Kisa Mwakanyamale

Use of Induced Polarization to Characterize the Hydrogeologic Framework of the Zone of Surface‐Water/Groundwater Exchange at the Hanford 300 Area, WA

An extensive continuous waterborne electrical imaging (CWEI) survey was conducted along the Columbia River corridor adjacent to the U.S. Department of Energy (DOE) Hanford 300 Area, WA, in order to improve the conceptual model for exchange between surface water and U-contaminated groundwater. The primary objective was to determine spatial variability in the depth to the HanfordRingold (H-R) contact, an important lithologic boundary that limits vertical transport of groundwater along the river corridor. Resistivity and induced polarization (IP) measurements were performed along six survey lines parallel to the shore (each greater than 2.5 km in length), with a measurement recorded every 0.5-3.0 m depending on survey speed, resulting in approximately 65,000 measurements. The H-R contact was clearly resolved in images of the normalized chargeability along the river corridor due to the large contrast in surface area (hence polarizability) of the granular material between the two lithologic units. Cross sections of the lithologic structure along the river corridor reveal a large variation in the thickness of the overlying Hanford unit (the aquifer through which contaminated groundwater discharges to the river) and clearly identify locations along the river corridor where the underlying Ringold unit is exposed to the riverbed. Knowing the distribution of the Hanford and Ringold units along the river corridor substantially improves the conceptual model for the hydrogeologic framework regulating U exchange between groundwater and Columbia River water relative to current models based on projections of data from boreholes on land into the river.

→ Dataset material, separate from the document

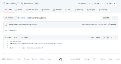 # 下載指令稿 cd /etc/cron.d wget https://raw.githubusercontent.com/jasoncheng7115/it-scripts/master/ubddns/renew_ubddns

Use of Time‐Domain Induced Polarization for Lithology Identification: A Case Study from the Hanford 300‐Area

Use of the induced polarization (IP) method, as being applied to determine the hydrostratigraphic framework at the Hanford 300-Area, Washington, offers advantages over electrical resistivity (ER) in yielding information about the physicochemical characteristics of the subsurface. The IP response in soils results from surface polarization that is largely determined by lithology. For non-metallic soils, IP typically shows a weak dependence on fluid conductivity, but strong nearlinear relationships to textural parameters (surface area, grain size, etc.). Compared to the ER method, IP has smaller signal-to-noise ratio, requiring additional care during data acquisition and processing. In particular, appropriate data weight needs to be considered for successful inversion of IP datasets.